Here is the product of cycles. My textbook goes right to left multiplication. $$(1,4,5)(7,8)(2,5,7)$$

An observation here is that I don't think these cycles are disjoint and therefore they are not commutative. So far I have only done calculations with disjoint cycles so I wasn't sure how to handle this.

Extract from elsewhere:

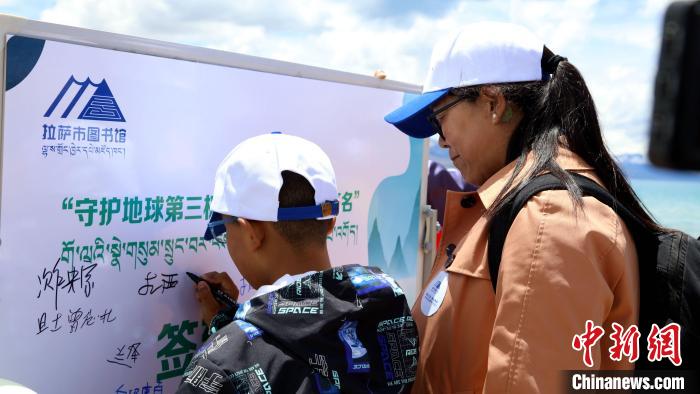 圖為青少年在公益環保簽名活動上簽名。拉薩市圖書館供圖

I calculated the permutation to be after writing the cycles out in table notation. $$\sigma = \begin{pmatrix} 1 & 2 & 3 & 4 & 5 & 6 & 7 & 8\\ 4 & 1 & 3 & 5 & 8 & 6 & 2 & 7 \end{pmatrix} $$

However, if I inverse the process and split $\sigma$ into cycles, I get $$(1,4,5,8,7,2)$$

Is it because I am not multiplying product of disjoint cycles that I am not able to inverse the equation? Am I just doing this completely wrong?

Answer 1

Your answer is correct!

What seems to be bothering you is that here is more than one way to write a permutation as a product of cycles, but this is just true. The fact that your permutation can be written as one cycle $(145872)$ in no way implies that it can't be written as the product of 3. (It's true that the "disjoint cycle" decomposition is unique up to moving the factors around, but most cycle decompositions are not unique.)

Answer 2

Perhaps I should expand my comment.

You have $(145)(78)(257)$.

We can write this in disjoint cycles at sight.

We start

$$ (1?? $$ Well under the right cycle $1\mapsto 1$ and then under the middle cycle $1\mapsto 1$ then under the left cycle $1\mapsto 4$. So we have $$ (14?? $$ Then under the right cycle $4\mapsto 4$ and then under the middle cycle $4\mapsto 4$ then under the left cycle $4\mapsto 5$. So we have $$ (145?? $$ Then under the right cycle $5\mapsto 7$ and then under the middle cycle $7\mapsto 8$ then under the left cycle $8\mapsto 8$. So we have $$ (1458??? $$ Then under the right cycle $8\mapsto 8$ and then under the middle cycle $8\mapsto 7$ then under the left cycle $7\mapsto 7$. So we have $$ (14587?? $$ Then under the right cycle $7\mapsto 2$ and then under the middle cycle $2\mapsto 2$ then under the left cycle $2\mapsto 2$. So we have $$ (145872?? $$ Then under the right cycle $2\mapsto 5$ and then under the middle cycle $5\mapsto 5$ then under the left cycle $5\mapsto 1$. So we are back home, and have $$ (145872) $$ Are there any more? Yes, there's 3, so we have $$ (145872)(3??? $$ None of the cycles moves $3$ so we are back home and have $$ (145872)(3) $$ But are there any more? Yes, $6$. So we have $$ (145872)(3)(6?? $$ None of the cycles moves $6$ so we are back home and have $$ (145872)(3)(6) $$ Are there any more? No, so we are done, Whew!

Note We don't write any of this down, we just fill out the answer one by one as explained.

Note For inverses we just write the cycles in reverse order once we have a permutation in disjoint-cycle form.